◆ **YOUR OBJECTIVE**
The copy you give must match the lines from the top of the data through the line containing "Healthy Cheese Recipes" exactly, and it must hold no pictures.

*-*-*

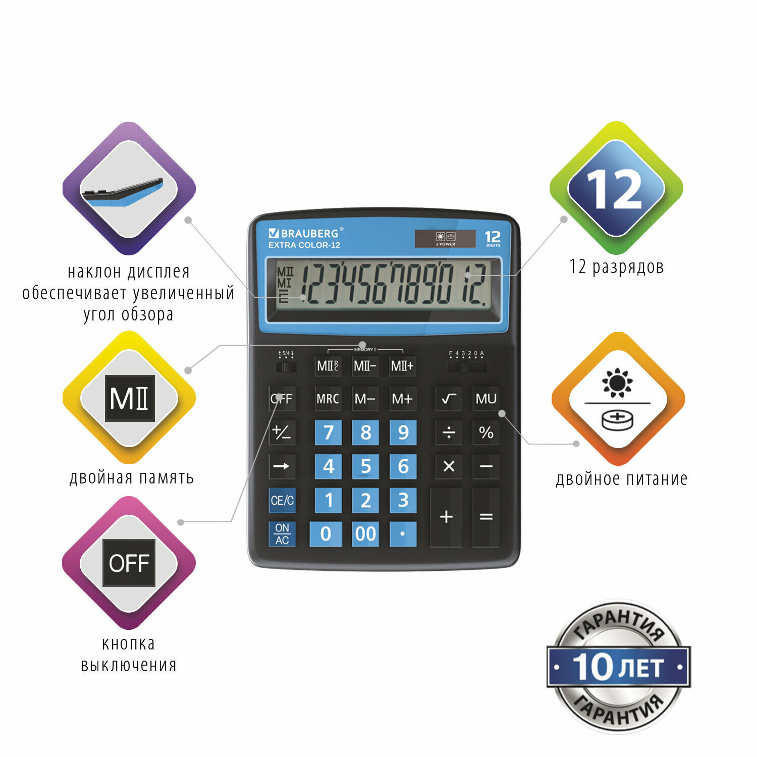 Калькулятор настольный BRAUBERG EXTRA COLOR-12-BKBU (206x155 мм), 12 разрядов, двойное питание, черно-голубой, 250476 В комплекте: 1шт.
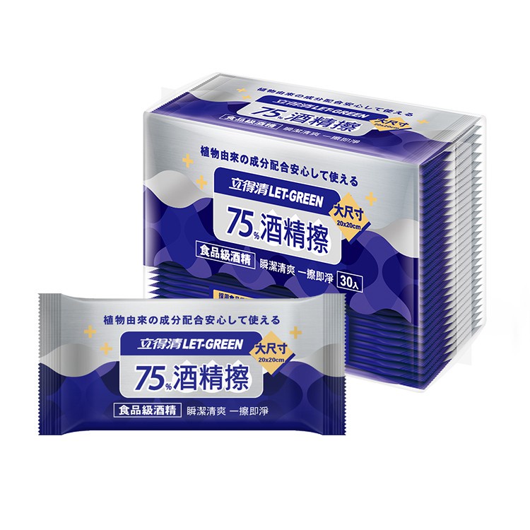 立得清75%酒精擦單片裝30入/包<食用級酒精>全新包裝上市 紙盒裝
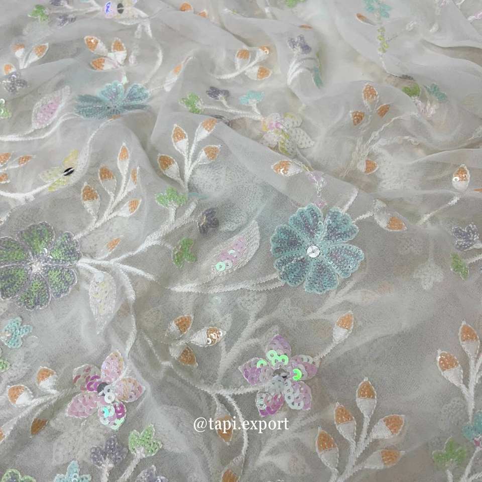 ออกแบบ:ผ้าปักเลื่อมลายดอกไม้
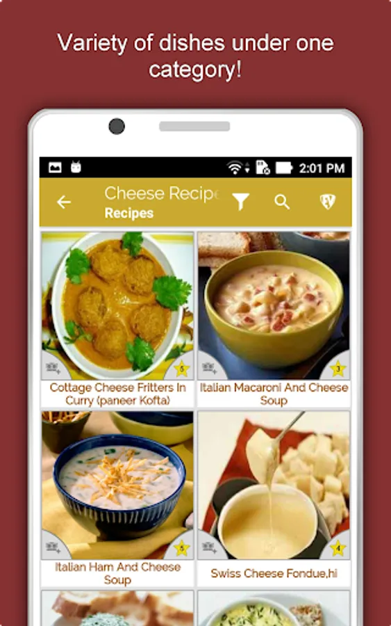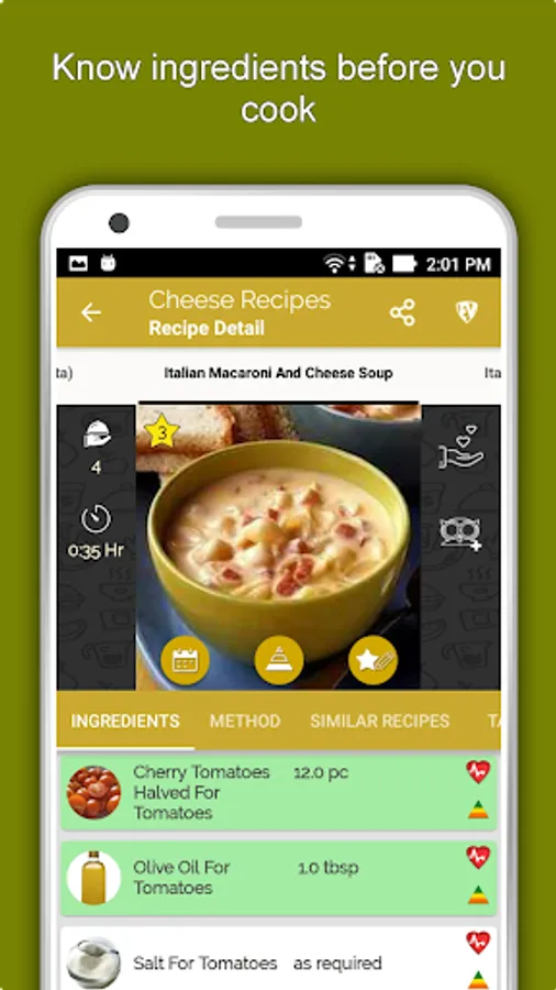 Healthy Cheese Recipes is an app to explore all types of Cheese Recipes. Find the recipes with varieties of cheese such as Feta, Mozzarella, Cheddar, Gouda and many more. Stimulate your taste buds and learn how to cook delicious Cheese Pasta, Pizzas and cheesecakes in an easy, step by step way! Cook yummy recipes in the correct pan and also know the servings.
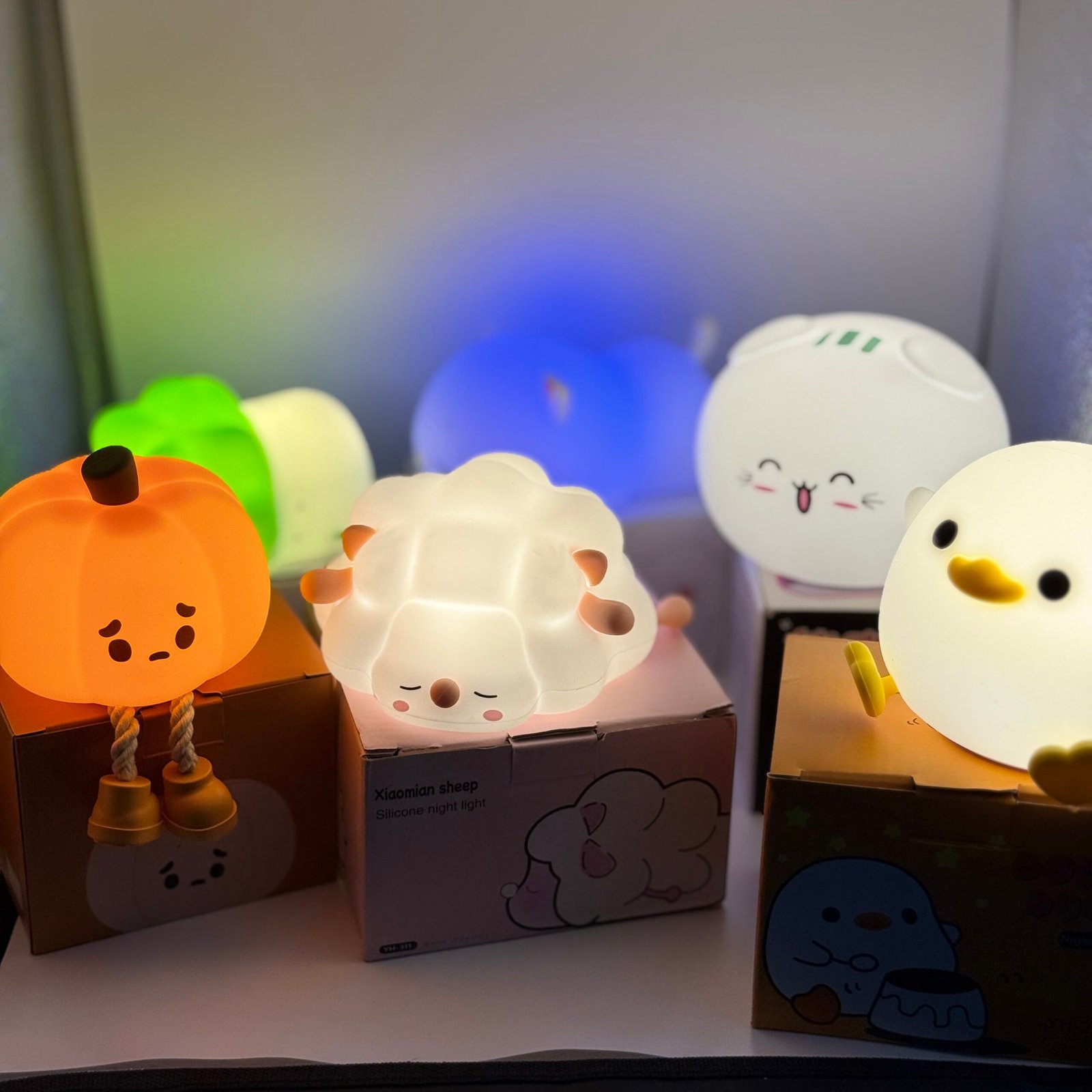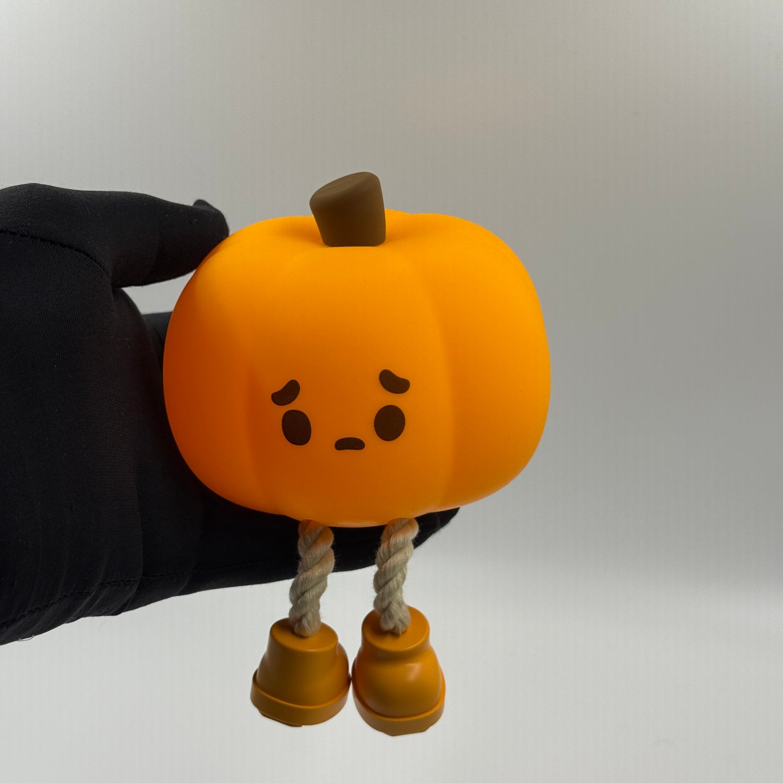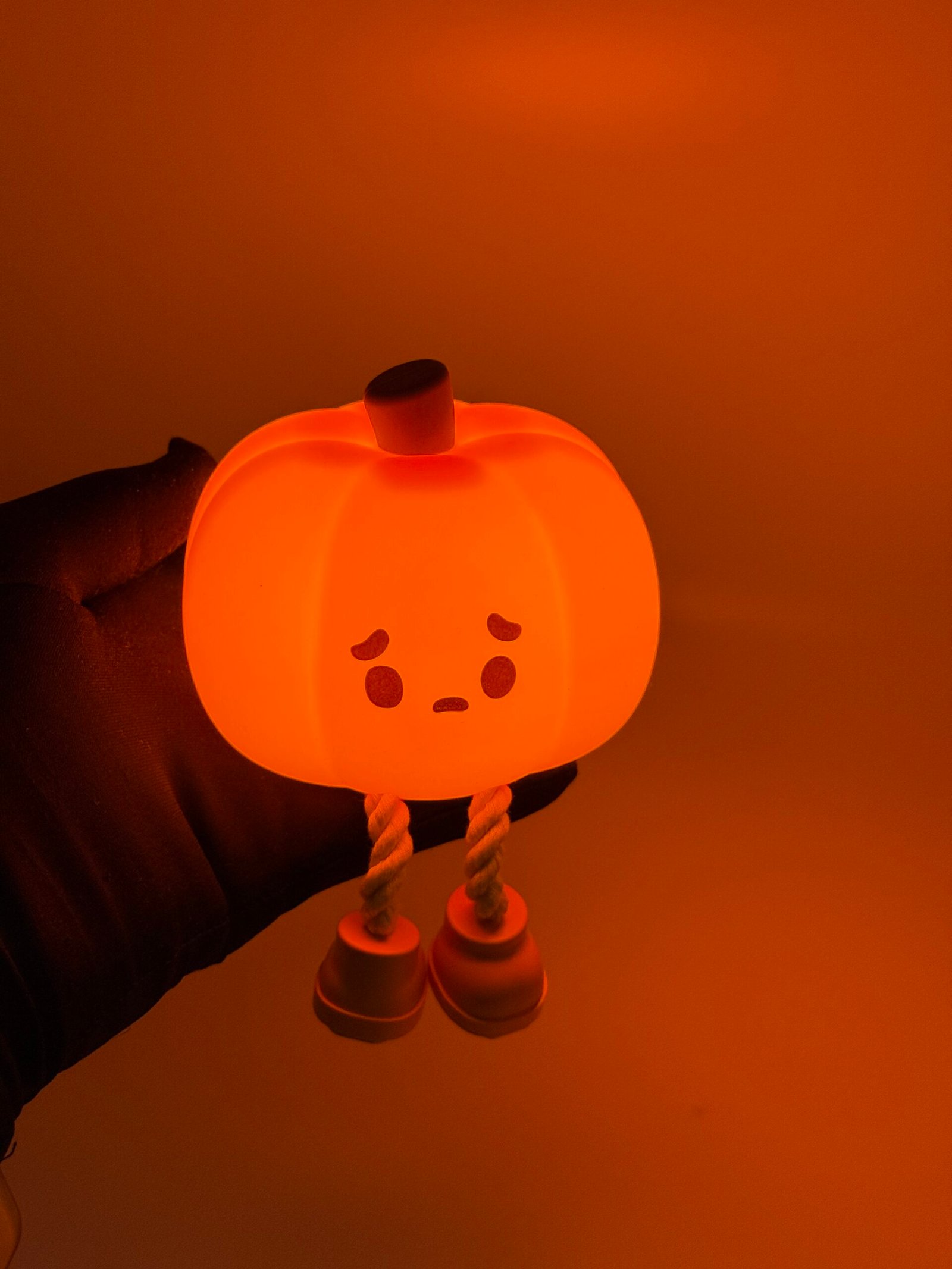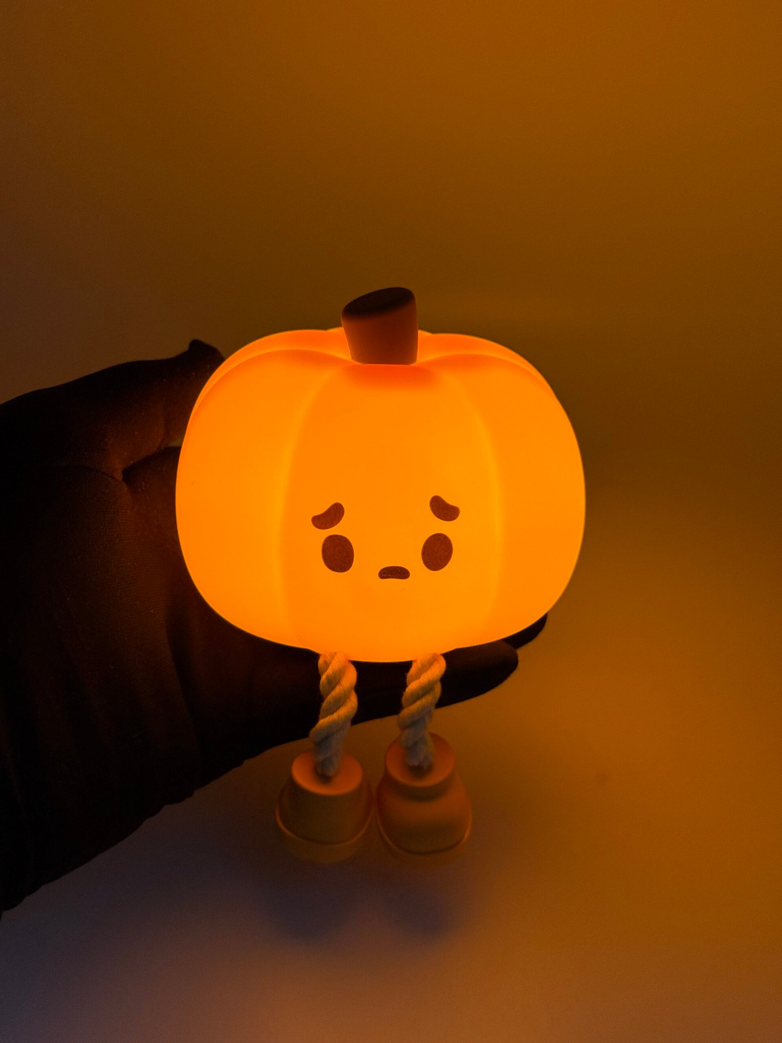 Glowing pumpkin night light with sad face and dangling legs — cute and cozy.

*-*-*

◆ **ANSWER SPACE**
 Калькулятор настольный BRAUBERG EXTRA COLOR-12-BKBU (206x155 мм), 12 разрядов, двойное питание, черно-голубой, 250476 В комплекте: 1шт.
 立得清75%酒精擦單片裝30入/包<食用級酒精>全新包裝上市 紙盒裝
 ออกแบบ:ผ้าปักเลื่อมลายดอกไม้
 Healthy Cheese Recipes is an app to explore all types of Cheese Recipes. Find the recipes with varieties of cheese such as Feta, Mozzarella, Cheddar, Gouda and many more. Stimulate your taste buds and learn how to cook delicious Cheese Pasta, Pizzas and cheesecakes in an easy, step by step way! Cook yummy recipes in the correct pan and also know the servings.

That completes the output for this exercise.